■ **Task material**:
- - -
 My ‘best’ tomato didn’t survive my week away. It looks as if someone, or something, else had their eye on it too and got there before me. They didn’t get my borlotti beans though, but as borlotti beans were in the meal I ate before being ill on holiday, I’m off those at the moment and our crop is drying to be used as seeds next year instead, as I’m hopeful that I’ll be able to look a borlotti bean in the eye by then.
- - -
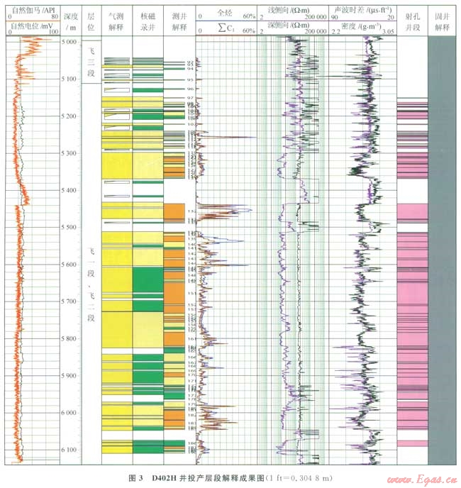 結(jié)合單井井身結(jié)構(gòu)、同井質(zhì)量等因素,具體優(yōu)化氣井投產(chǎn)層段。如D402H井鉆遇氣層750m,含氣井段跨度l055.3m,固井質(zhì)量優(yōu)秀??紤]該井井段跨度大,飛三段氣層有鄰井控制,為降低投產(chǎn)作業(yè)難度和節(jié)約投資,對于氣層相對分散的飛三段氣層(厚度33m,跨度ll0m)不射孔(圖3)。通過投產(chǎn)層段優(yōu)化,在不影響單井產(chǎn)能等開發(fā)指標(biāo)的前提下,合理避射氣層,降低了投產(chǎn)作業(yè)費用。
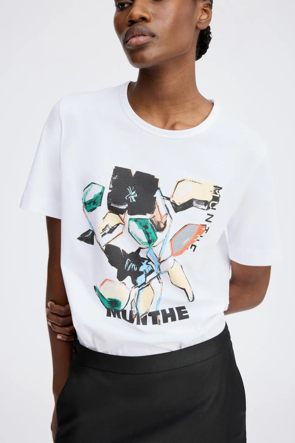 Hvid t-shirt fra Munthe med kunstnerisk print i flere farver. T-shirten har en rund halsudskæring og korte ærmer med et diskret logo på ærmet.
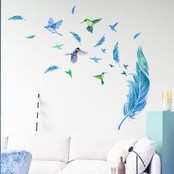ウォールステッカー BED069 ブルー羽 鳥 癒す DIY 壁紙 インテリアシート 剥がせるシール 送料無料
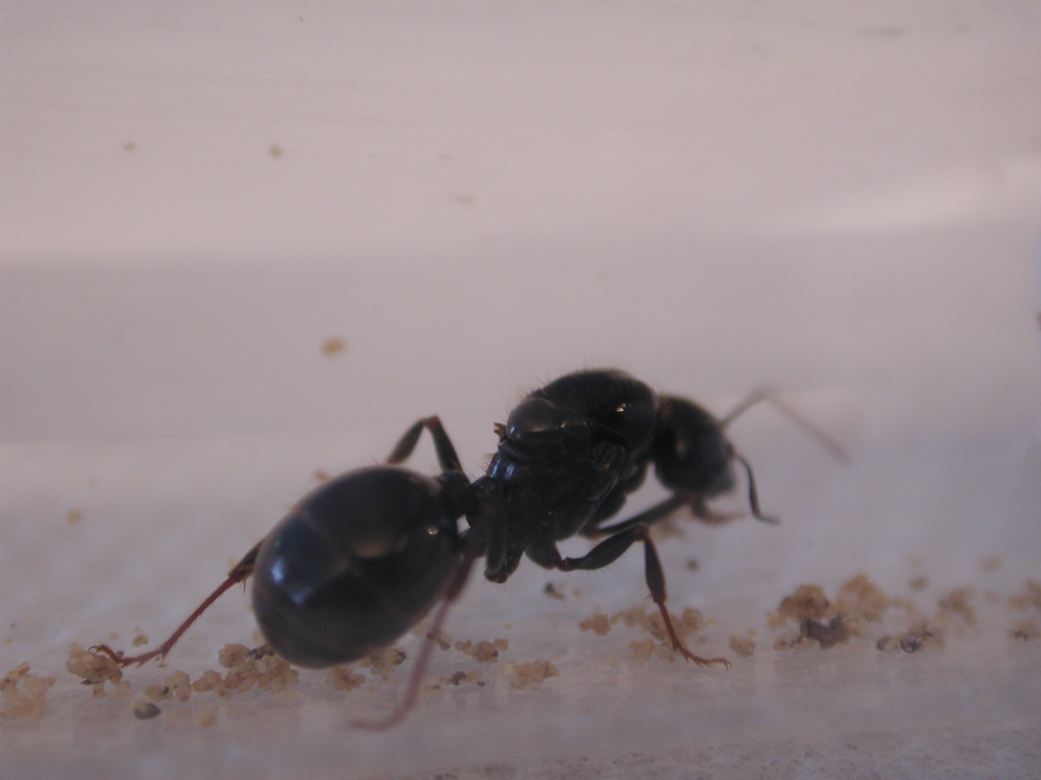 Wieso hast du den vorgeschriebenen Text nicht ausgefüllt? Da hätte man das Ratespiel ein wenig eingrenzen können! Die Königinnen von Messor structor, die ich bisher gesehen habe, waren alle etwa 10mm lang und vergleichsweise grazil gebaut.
- - -
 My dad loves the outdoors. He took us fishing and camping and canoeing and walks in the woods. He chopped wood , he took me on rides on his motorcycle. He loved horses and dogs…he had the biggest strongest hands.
- - -
■ **Work order**:
Given the listing above, repeat exactly the lines starting at the one with "Hvid t-shirt fra" and ending at the one with "Wieso hast du", inclusive, excluding pictures.

■ **Task response**:
 Hvid t-shirt fra Munthe med kunstnerisk print i flere farver. T-shirten har en rund halsudskæring og korte ærmer med et diskret logo på ærmet.
ウォールステッカー BED069 ブルー羽 鳥 癒す DIY 壁紙 インテリアシート 剥がせるシール 送料無料
 Wieso hast du den vorgeschriebenen Text nicht ausgefüllt? Da hätte man das Ratespiel ein wenig eingrenzen können! Die Königinnen von Messor structor, die ich bisher gesehen habe, waren alle etwa 10mm lang und vergleichsweise grazil gebaut.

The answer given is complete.